■ **WHAT YOU SHOULD DO**:
Reproduce nothing but the lines from the start of the material through the line that includes "앞서 본 바와 같이 독일", both ends included, and omit every picture.

■ **DATA SECTION**:
────

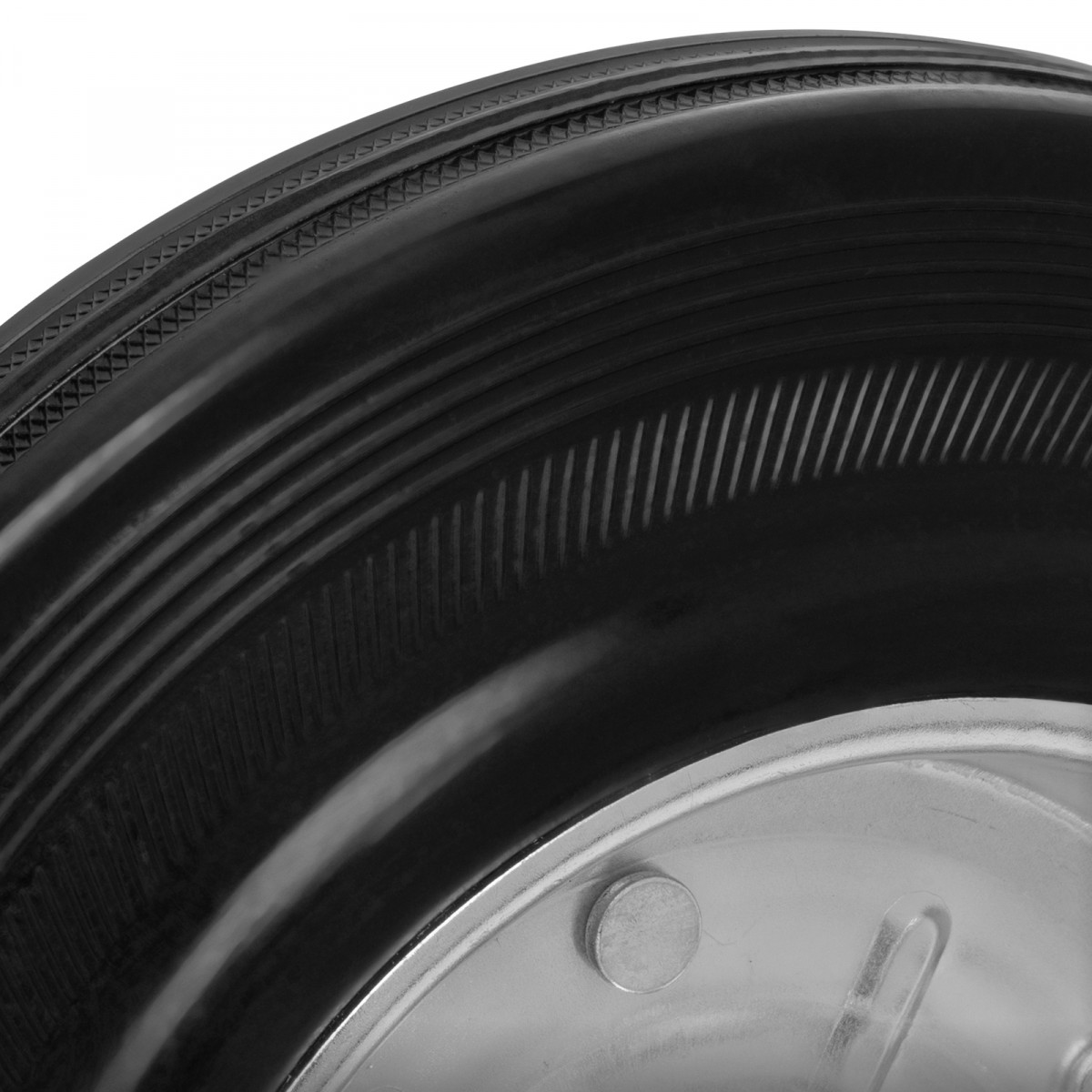 - Универсальность — контактная поверхность выполнена из прочной резины, поэтому колесо может применяться на различных покрытиях, долгое время сохраняя рабочие качества.
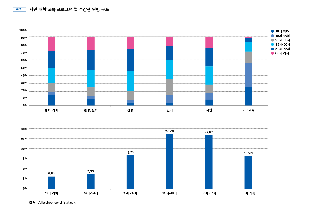 앞서 본 바와 같이 독일 전체의 시민 대학 수강생의 절반 가까이를 50세 이상의 성인 인구가 차지하고 있다. 점점 장년 이상의 성인 수강생이 늘어나는 추세는 지속적으로 배우지 않으면 따라 갈 수 없을 정도로 빠르게 진행되는 정보화와 산업 구조의 변화와 더불어 이루어진 지식과 정보의 폭발적 증가로 인하여 이전에 받은 교육 정도와 상관없이 배움을 이어나가야만 사회 생활에 적응해 나갈 수 있는 현대 사회의 특징이 반영된 것일 것이다. 특히 늘어난 여가 시간과 생활의 안정을 기반으로 생애에 걸친 배움의 기회를 누리고자 하는 요구가 과거의 어느 시대보다 높다고 할 수 있다. 더 이상 교육을 받지 않아도 될 것 같이 여겨지던 성인 세대조차 새로운 지식에 대한 계속되는 학습을 요구받고 있다. 그런 의미에서 연령에 구애 받지 않고 누구에게나 열린 교육을 실천하는 시민대학이 독일 사회 속에서 가지는 의의는 매우 크다.
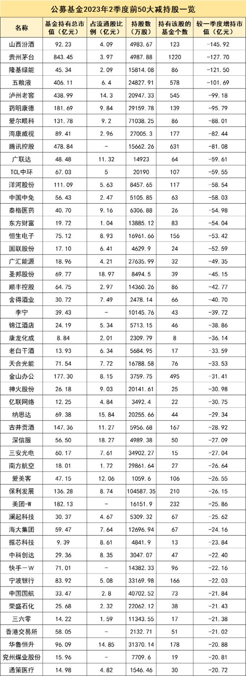 2023年二季度,贵州茅台、宁德时代、腾讯控股、泸州老窖、五粮液依然位列公募基金前五大重仓股。
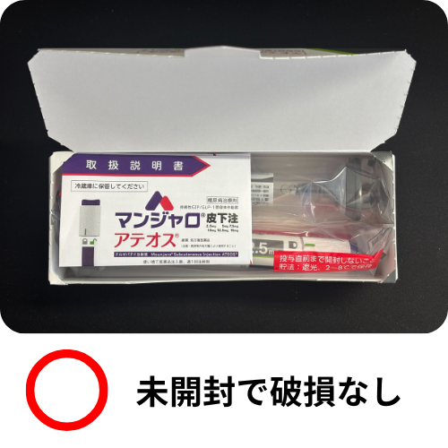 マンジャロは1箱=2本入りで、外箱以外に注射器本体はビニール袋で覆われています。

────

■ **ANSWER SECTION**:
 - Универсальность — контактная поверхность выполнена из прочной резины, поэтому колесо может применяться на различных покрытиях, долгое время сохраняя рабочие качества.
 앞서 본 바와 같이 독일 전체의 시민 대학 수강생의 절반 가까이를 50세 이상의 성인 인구가 차지하고 있다. 점점 장년 이상의 성인 수강생이 늘어나는 추세는 지속적으로 배우지 않으면 따라 갈 수 없을 정도로 빠르게 진행되는 정보화와 산업 구조의 변화와 더불어 이루어진 지식과 정보의 폭발적 증가로 인하여 이전에 받은 교육 정도와 상관없이 배움을 이어나가야만 사회 생활에 적응해 나갈 수 있는 현대 사회의 특징이 반영된 것일 것이다. 특히 늘어난 여가 시간과 생활의 안정을 기반으로 생애에 걸친 배움의 기회를 누리고자 하는 요구가 과거의 어느 시대보다 높다고 할 수 있다. 더 이상 교육을 받지 않아도 될 것 같이 여겨지던 성인 세대조차 새로운 지식에 대한 계속되는 학습을 요구받고 있다. 그런 의미에서 연령에 구애 받지 않고 누구에게나 열린 교육을 실천하는 시민대학이 독일 사회 속에서 가지는 의의는 매우 크다.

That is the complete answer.